Task goal
Print exactly the lines below between the line holding "La soluzione, di" and the line holding "Exclusive 4-in-1 Combo", inclusive, and nothing more.

Collected data
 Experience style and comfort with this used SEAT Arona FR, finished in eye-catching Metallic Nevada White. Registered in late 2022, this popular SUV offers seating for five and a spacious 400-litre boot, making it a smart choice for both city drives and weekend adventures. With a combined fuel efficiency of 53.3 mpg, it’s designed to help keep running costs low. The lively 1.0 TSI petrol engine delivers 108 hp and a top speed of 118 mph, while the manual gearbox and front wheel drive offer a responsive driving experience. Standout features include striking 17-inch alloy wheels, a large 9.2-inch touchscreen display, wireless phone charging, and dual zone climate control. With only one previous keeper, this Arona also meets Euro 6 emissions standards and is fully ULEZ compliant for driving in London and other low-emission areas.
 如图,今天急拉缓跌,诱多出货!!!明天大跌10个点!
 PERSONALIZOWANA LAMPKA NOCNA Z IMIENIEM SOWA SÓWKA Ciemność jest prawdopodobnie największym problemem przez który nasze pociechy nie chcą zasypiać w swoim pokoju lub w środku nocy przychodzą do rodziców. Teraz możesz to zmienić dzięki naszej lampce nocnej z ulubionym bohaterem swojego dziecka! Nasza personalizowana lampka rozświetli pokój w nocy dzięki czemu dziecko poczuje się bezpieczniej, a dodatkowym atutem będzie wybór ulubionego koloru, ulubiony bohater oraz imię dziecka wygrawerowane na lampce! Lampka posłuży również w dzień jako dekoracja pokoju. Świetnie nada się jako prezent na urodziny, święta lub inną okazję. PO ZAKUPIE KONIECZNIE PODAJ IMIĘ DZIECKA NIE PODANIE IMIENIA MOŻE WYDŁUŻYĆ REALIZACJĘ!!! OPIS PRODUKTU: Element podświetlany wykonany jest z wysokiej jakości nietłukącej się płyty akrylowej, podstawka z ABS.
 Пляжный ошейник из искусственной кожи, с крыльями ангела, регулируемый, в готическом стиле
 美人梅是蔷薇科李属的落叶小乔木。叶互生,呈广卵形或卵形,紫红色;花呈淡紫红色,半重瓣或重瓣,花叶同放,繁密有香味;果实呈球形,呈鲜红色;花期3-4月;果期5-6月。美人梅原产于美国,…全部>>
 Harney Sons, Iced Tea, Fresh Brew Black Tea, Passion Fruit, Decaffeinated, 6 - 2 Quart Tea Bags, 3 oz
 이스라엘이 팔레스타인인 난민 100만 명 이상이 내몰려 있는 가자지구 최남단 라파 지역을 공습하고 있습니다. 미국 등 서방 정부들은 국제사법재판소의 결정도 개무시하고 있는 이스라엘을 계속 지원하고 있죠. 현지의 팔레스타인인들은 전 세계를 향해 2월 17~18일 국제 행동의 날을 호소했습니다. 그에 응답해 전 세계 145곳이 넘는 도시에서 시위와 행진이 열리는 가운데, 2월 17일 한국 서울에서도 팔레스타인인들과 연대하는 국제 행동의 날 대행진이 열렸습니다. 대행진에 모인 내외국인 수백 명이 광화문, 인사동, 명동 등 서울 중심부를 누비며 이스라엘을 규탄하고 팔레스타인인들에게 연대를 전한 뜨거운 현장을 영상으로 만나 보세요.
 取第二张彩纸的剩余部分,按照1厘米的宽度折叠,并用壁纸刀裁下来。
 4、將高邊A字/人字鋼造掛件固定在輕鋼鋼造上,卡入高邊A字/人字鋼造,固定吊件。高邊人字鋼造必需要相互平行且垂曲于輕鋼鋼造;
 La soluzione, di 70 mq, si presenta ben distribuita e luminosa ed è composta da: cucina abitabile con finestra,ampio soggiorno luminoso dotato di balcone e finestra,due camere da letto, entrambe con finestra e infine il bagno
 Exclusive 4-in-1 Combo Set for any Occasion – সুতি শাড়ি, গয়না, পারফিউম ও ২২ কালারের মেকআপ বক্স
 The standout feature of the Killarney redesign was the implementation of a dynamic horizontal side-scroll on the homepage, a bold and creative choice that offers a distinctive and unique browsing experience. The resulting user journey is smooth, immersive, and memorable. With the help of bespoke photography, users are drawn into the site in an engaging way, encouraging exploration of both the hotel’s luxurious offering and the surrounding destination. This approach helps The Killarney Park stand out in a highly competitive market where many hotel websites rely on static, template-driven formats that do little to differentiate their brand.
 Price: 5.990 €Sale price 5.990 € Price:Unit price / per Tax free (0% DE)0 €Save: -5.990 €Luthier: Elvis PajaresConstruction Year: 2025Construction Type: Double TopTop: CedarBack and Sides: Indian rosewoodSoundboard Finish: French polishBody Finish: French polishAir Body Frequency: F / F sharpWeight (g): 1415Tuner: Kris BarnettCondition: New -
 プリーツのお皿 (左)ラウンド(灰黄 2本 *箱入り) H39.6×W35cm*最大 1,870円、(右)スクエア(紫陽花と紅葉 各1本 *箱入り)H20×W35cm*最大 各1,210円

Result
 La soluzione, di 70 mq, si presenta ben distribuita e luminosa ed è composta da: cucina abitabile con finestra,ampio soggiorno luminoso dotato di balcone e finestra,due camere da letto, entrambe con finestra e infine il bagno
 Exclusive 4-in-1 Combo Set for any Occasion – সুতি শাড়ি, গয়না, পারফিউম ও ২২ কালারের মেকআপ বক্স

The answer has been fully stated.